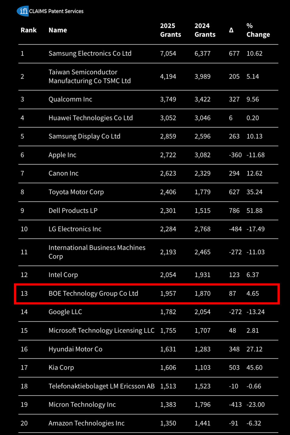 BOE(京东方)位列2025 IFI美国专利授权量全球第13位 以科技创新夯实全球产业领导力
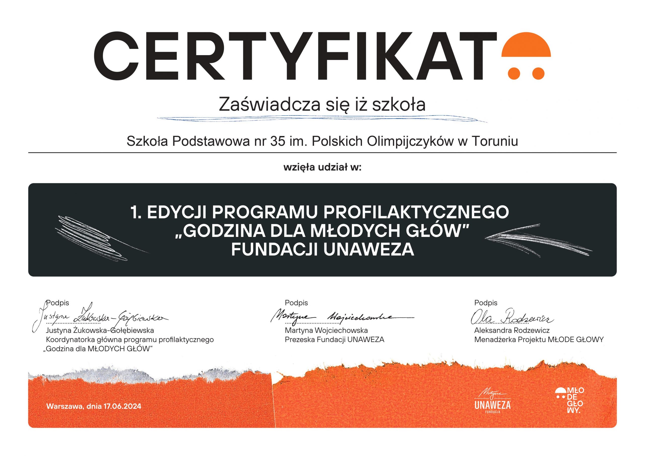 1.edycja programu profilaktycznego ,,Godzina dla MŁODYCH GŁÓW” realizowanego przez Fundację UNAWEZA Martyny Wojciechowskiej zakończona. Mamy nadzieję, że program stał się źródłem nadziei i inspiracji dla
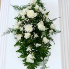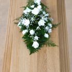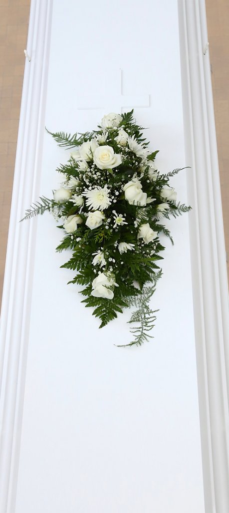 Lítil og látlaus kistuskreyting með hvítum rósum, krýsum og brúðarslöri ásamt blöndu af grænu.
◇ ◇ ◇ ◇ ◇ ◇ ◇
## PROBLEM REQUIREMENTS
Leaving the pictures out, give back each line above exactly.

## YOUR RESPONSE
 BOE(京东方)位列2025 IFI美国专利授权量全球第13位 以科技创新夯实全球产业领导力
 1.edycja programu profilaktycznego ,,Godzina dla MŁODYCH GŁÓW” realizowanego przez Fundację UNAWEZA Martyny Wojciechowskiej zakończona. Mamy nadzieję, że program stał się źródłem nadziei i inspiracji dla
 Lítil og látlaus kistuskreyting með hvítum rósum, krýsum og brúðarslöri ásamt blöndu af grænu.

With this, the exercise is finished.